Stored dataset items
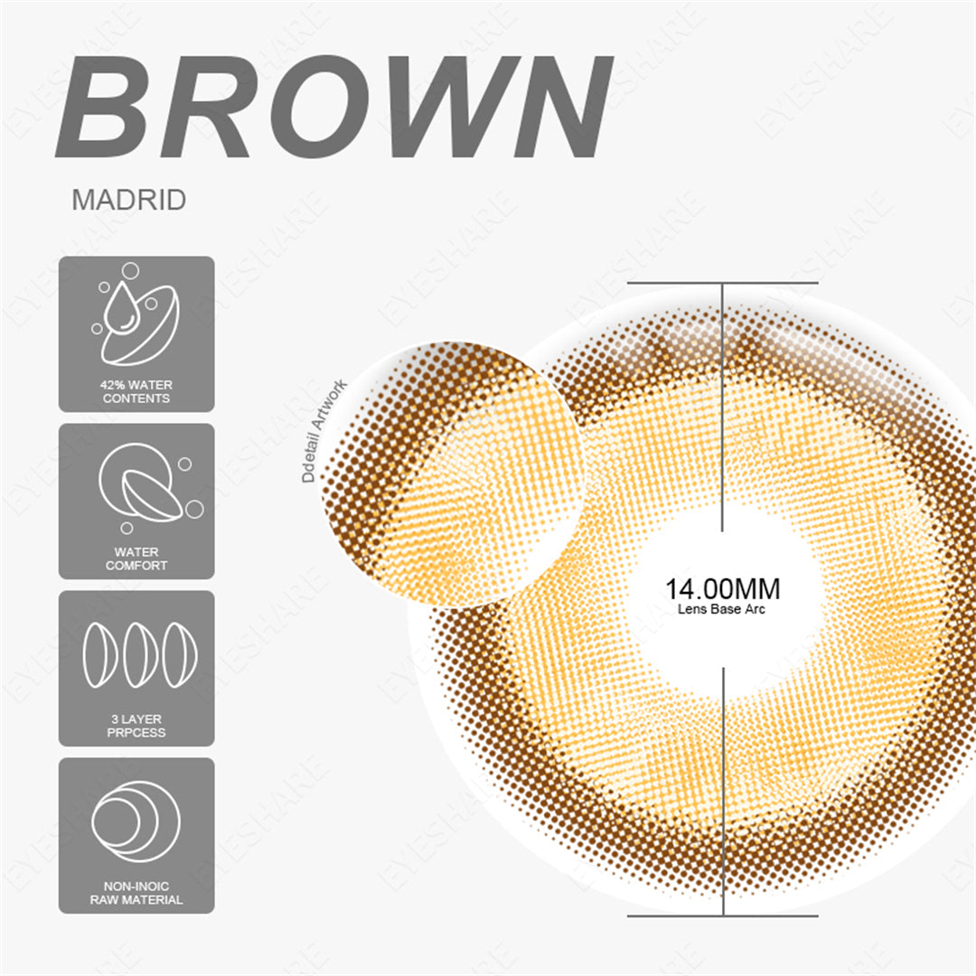 Yeknu Madrid Brown 1 Day Use I 14.0mm,10 Pcs=5Pair,Cosplay
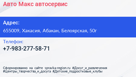 Авто-Макс, автосервис по адресу 655009, Хакасия, Абакан, Белоярская, 50г в дальнейшем Организация, размещена в следующих категориях:
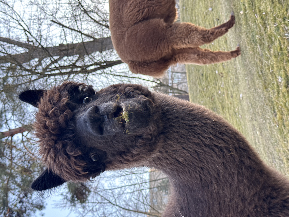 An outdoor, eye-level photograph depicts two alpacas within the Zoologischer Garten Berlin, Germany. In the foreground, a dark brown alpaca with densely curled fur on its head faces the camera, its dark eyes visible. Green plant matter is lodged in its mouth, suggesting recent grazing. Its prominent neck extends down and left, out of frame. In the mid-ground to the right, the hindquarters and legs of a second, reddish-brown alpaca are visible as it walks away, its fur appearing thick and uniform. Both animals stand on a gently sloping, yellowish-green grassy terrain. The background consists of numerous bare deciduous trees and a single evergreen tree, under a pale blue sky. Faintly visible through the bare branches in the far distance are light-colored buildings. Natural daylight illuminates the scene.
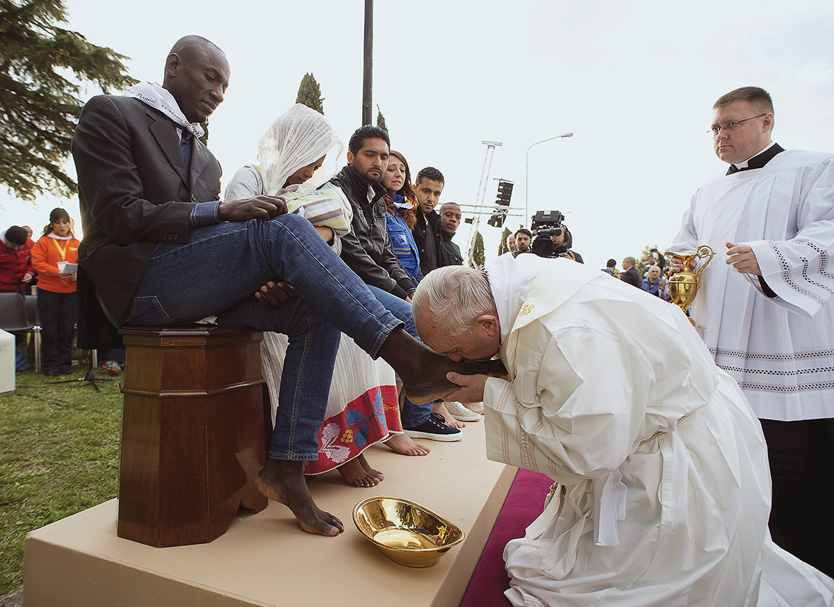 Pasaulis tiesiog tirpo stebėdamas Bažnyčios tėvą, parklupusį plauti kojų pabėgėliams, tarp jų ir musulmonams.
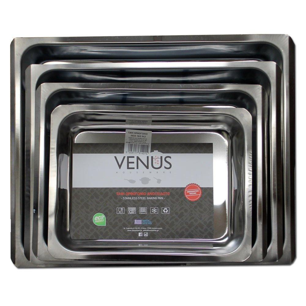 Venus Set of 4 Rectangular Stainless Steel Cooking Pans -- Tapsia Pans -- 18/10 Steel The Greek baking pan known as "tapsi" is an important element in Greek cooking. This set of four stainless steel baking pans are made and imported from Greece. Perfect for baking your pastichio, mousaka, baklava, or any other Greek recipe calling for a rectangular deep baking pan. These versatile pans are suitable for stove tops and oven baking. These pans are made of 18/10 Steel which is a high quality steel that lasts longer and cooks food more efficiently. 18/10 stainless steel is made of 18% chromium and 10% nickel, which will keep its silver-like shine longer than 18C-340 steel will. 18/10 stainless steel is commonly used in flatware. 18/10 Stainless Steel Made in Greece Pan Number width x length x depth #2 25 x 34 x 6 cm (9.8 x 13.4 x 2.3 inches) #3 29 x 39 x 6.5 cm (11.4 x 15.3 x 2.5 inches) #4 33 x 43 x 6.5 cm (13 x 17 x 2.5 inches) #5 38 x 47 x 6.5 cm (14.9 x 18.50 x 2.5 inches)

● **What you need to do**
Up to and including the line with "Авто-Макс, автосервис по", repeat every line from the top of the entries exactly, but not the pictures.

● **Response to this task**
 Yeknu Madrid Brown 1 Day Use I 14.0mm,10 Pcs=5Pair,Cosplay
 Авто-Макс, автосервис по адресу 655009, Хакасия, Абакан, Белоярская, 50г в дальнейшем Организация, размещена в следующих категориях:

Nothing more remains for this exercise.